Moved by an impulse she did not understand, Dorrin turned, found a sprig of pale blue flowers on the aromatic shrub, and stooped to lay it in the mouth of the opening below the higher stone. She put her hand on the rock. “May the gods bless this spring,” she said, “and may water nourish the land.”
“Eshea valush,” the man said.
Dorrin stared. A tongue of clear water flowed from beneath the rock; as it moistened the fern fronds, they lifted, greening even as she watched. It spread, wetting the soil outside the rock’s shade, overflowing the lip of the ferns. More water emerged from under the other rocks; the trickles joined, and the little stream ran off downhill.
“Thank you,” Dorrin said.
“Eshea valush,” the man said again. Then, to Dorrin, “You are thirsty, Daughter. Drink.”
“You are my elder,” Dorrin said. “Please—drink first.”
The man bowed, as one who has been taught grace, and knelt by the little stream now running clear between them. He put his hand down, let the water fill it, and lifted it to his mouth. Twice he drank as Dorrin watched—noting the scarred, callused hands, the signs of age and poverty on his feet as well. “And now you,” the man said, rising.
Dorrin knelt and let the water fill her hand. It tingled with life, as Arian had taught her to feel it, as her own magery felt it. She drank one handful and then another. Cold, clean … joy filled her with the water, as if it sparkled in her veins. She looked up at the man, who stood watching her with a mix of pride and amusement. All at once she knew who this was. “Lord Falk,” Dorrin said. Her voice failed for awe; she could say nothing more.
He nodded. “Yes, Daughter … you are correct in your surmise. This is the form in which I choose to appear.” He reached across the rivulet, offering her his hand. “Come, now. You and I should walk together this day; there are questions to be asked and answered.”
Dorrin stood and took his hand. Warm, dry, the strength of his grip no more than companionable … and she was on the other side of the rivulet, where the game path ran on downhill into the shade of the trees. “I didn’t know …” she managed to say.
He shrugged. “It is no matter. Now you do.”
When they reached the trees, the path led in among them to a glade near a tumble of rocks with puddles between them.
“It will take some little time for the stream to rise again,” Falk said. “All the springs hereabout are small.”
“Are they all rising?” Dorrin asked. “Just from one—”
Falk chuckled, folding himself down onto a rock and gesturing to her to sit on another. “Daughter, you do not know your own power even after what you have done. Do you remember what that was?”
She had not thought about it, she realized, since she found herself on the hillside. Now, as if through thinning mist, she regained a memory of herself … herself on a ship … in the water … on a barren sandy beach … walking somewhere through red and black rocks rising from the sand. A weight on her head, a box she must carry, no matter how tired she was. Smooth stones beneath her feet, forming a path. Figures in white robes, walking nearby, urging her on. Clearer and clearer … the heat, the dry mountains, the dry plain beyond, three white towers piercing a heat-hazed sky … and the great empty bowl of rock near it. Designs … water. Water and water and something … a dark shape …

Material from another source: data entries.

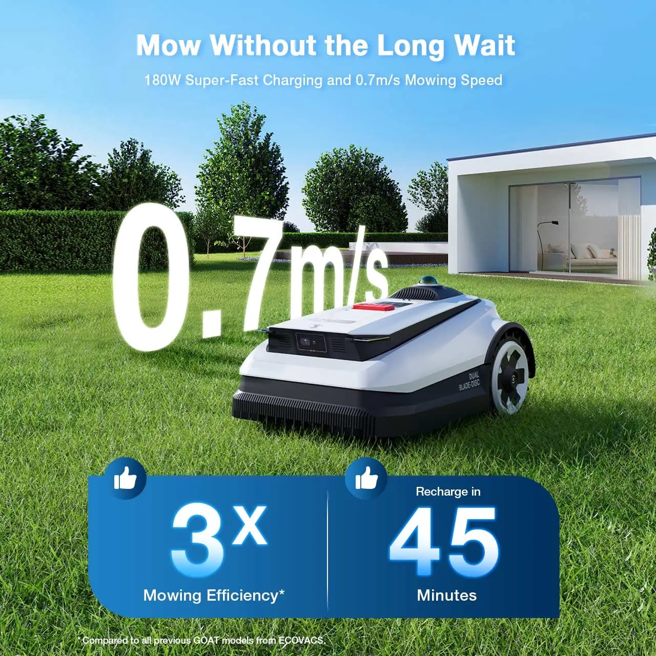 The ECOVACS GOAT A3000 is a robot lawn mower equipped with advanced dual LiDAR navigation technology, eliminating the need for boundary wires or satellite connectivity. Designed for easy setup and smart lawn maintenance, it offers features like excellent obstacle avoidance, quiet operation suitable for night use, and effective mowing on slopes up to 20°. The GOAT A3000 is ideal for users seeking low-effort, wire-free lawn care integrated with smart app functions. Its dual disc system ensures wide, efficient cutting with superior mulching.
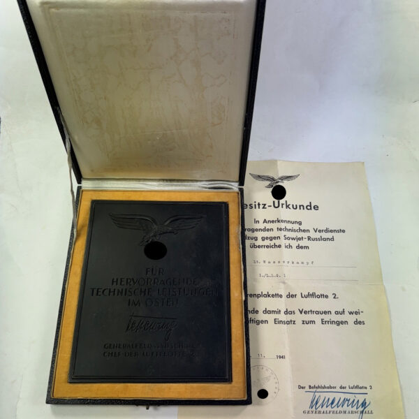 Luftwaffe, Plakette für hervorragende technische Leistungen im Osten, im Etui mit Urkunde
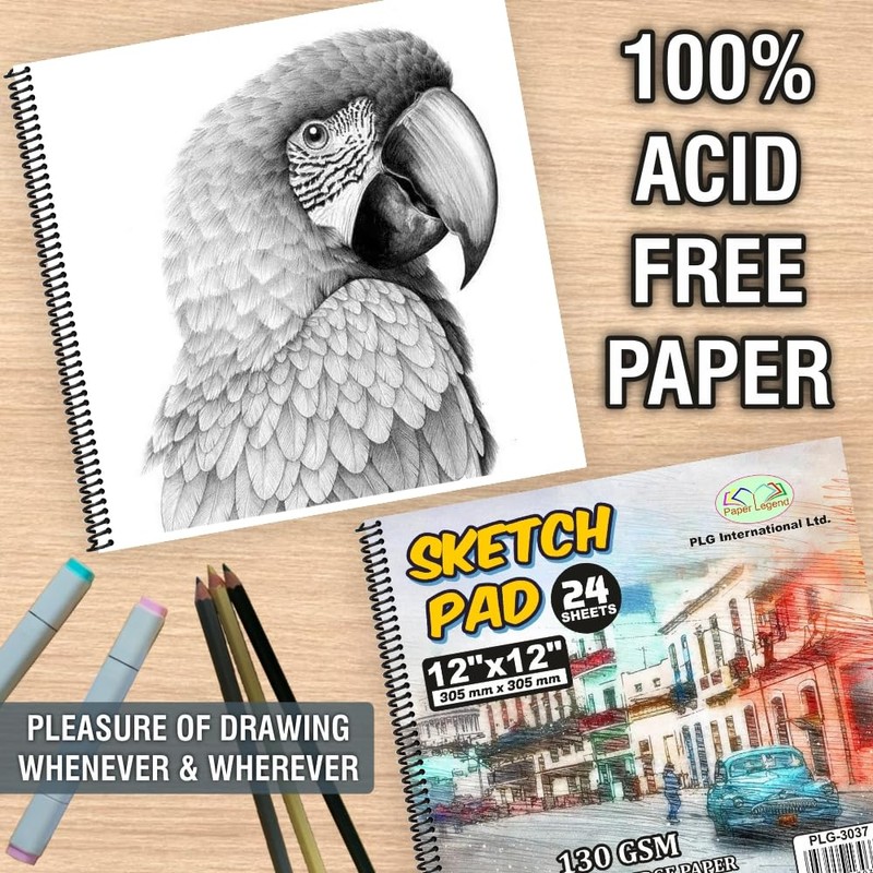 Mega Deal Set- You will receive sketchbook and Professional Pencil set of 12. Our sketch book is attached using a sturdy ring binding, which can protect the paper when turning pages. The acid-free paper for artists will help preserve the vibrancy of your piece. Featuring robust, tactile, soft touch covers front and back . Made up of 130 GSM White Cartridge Paper, this is perfect for sketch pencils but can also be used with pens and pastels. Resists bleed-through & fading. 12 Pencils Set- Made of high quality wood and graphite, Anti-Fracture Tough Enough, Writing Delicate, Pencils are Sturdy, Hexagonal Shape, The Graphite Is Even, Smooth Lead, Blends Easily. BEST GIFT- An extremely useful set of pads and pencils that can be used for all craft and creative activities. Great for when on the move or travelling with kids. Ideal for sketching, doodling and drawing
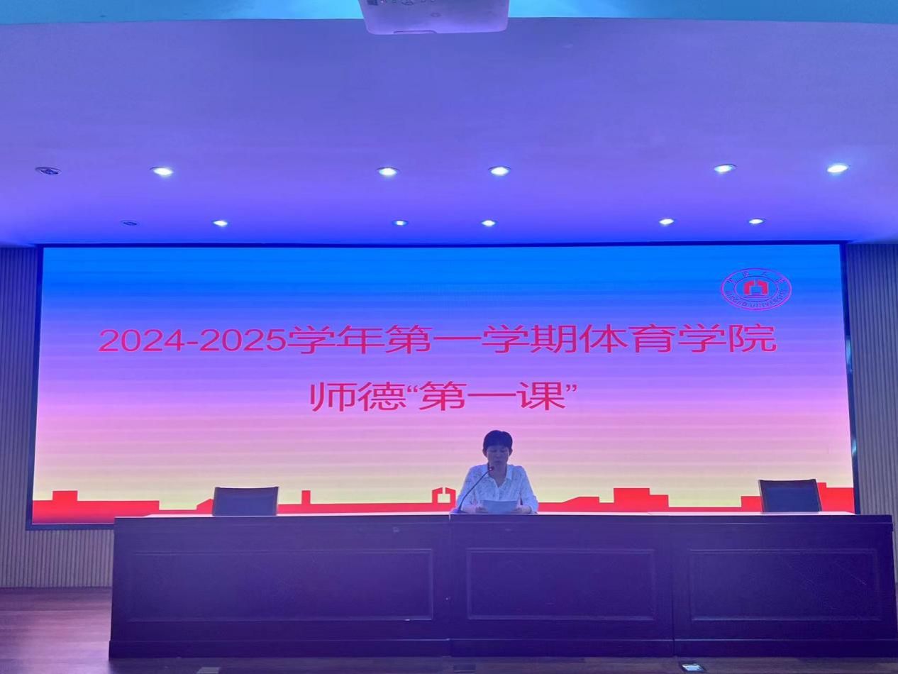 9月6日上午,2024-2025学年第一学期全院教职工大会在体育学院二楼报告厅召开。学院领导班子成员与全体教职员工出席参加了会议。会议由学院党委书记童莹娟主持。
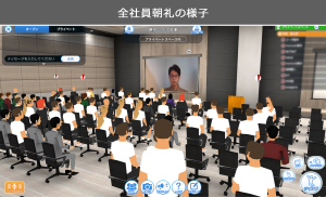 また、数百人を収容出来る大会議室をメタバース空間に設置することで、全社員が集まって毎朝朝礼を行うなど、リモートワークによるコミュニケーション不足の緩和に対する取り組みを行っています。
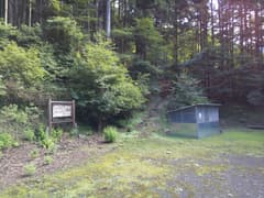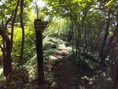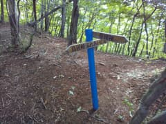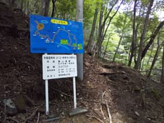 軌道跡に戻り、利平茶屋への登山道に入って下る。前回は道が荒れた印象があったが、その後、整備の手が入ったのか、特に問題なく歩ける。途中、「管理棟 0.9km →」の道標があり、左へ斜面を上がる登山道を分ける。篭山東尾根の1207m標高点への道のようだ。さらに山腹を斜めに下って、ふれあい広場のすぐ下の未舗装道に着く。ここの登山道案内の看板は新しいから、やはり近年、整備されたようだ。

He went on. “What you did, returning Aare’s water … that was more than well done. So you and I have been granted this space, this time, for your rest and recovery and for you to think how to live the rest of your life.”
“I did not expect to live,” Dorrin said. “Not when I went into the sea and not when the water rose around me. And not when the dragon showed me the fire.”
“I know,” Falk said. “I did not expect to live when I saw the look on that man’s face as my brothers walked out free. And yet—” He grinned at her. “I lived a long time after that, you know. And here I am, still meddling in the world’s affairs.”
“I … should go back,” she said.
“Back to Tsaia?” he asked. She nodded. “You have no oath to the king now,” he said. “He released you.”
“But my people—”
“Do not expect your return,” he said. “You told them so, if you do not remember. A desperate chance, you told them. Your heir, young Beclan … I am not sure he is mine, in the end. With all the turmoil in Tsaia, he may go to Gird … but either of us will be glad to claim him.”
“You … know Gird?”
Another chuckle. “In a way. Yes. The way the high gods chose. We do not walk together, exactly, but we know … I am sorry, Daughter, but this is not possible to make clear to you. Gird has taught me; I think I have taught him. Camwyn and Torre have given us both lessons we needed.”
“Torre … of the Necklace?”
“Yes, of course. Did you think she was legend only, while I once walked on earth? We are all people who once lived and also aspects of the gods’ will.”
Dorrin wanted to ask which gods but thought better of it.
“Even now,” Falk said, “I cannot comprehend the high gods. I know names—names used in this place and that, each people trimming the gods to their own measure, to their own understanding. Esea Sunlord and Barrandowea Lord of the Sea and Alyanya of the Flowers: those my father taught me when I was a child. But Adyan Namer, Sertig Maker, High Judge, First Singer … these are names for powers far beyond me.”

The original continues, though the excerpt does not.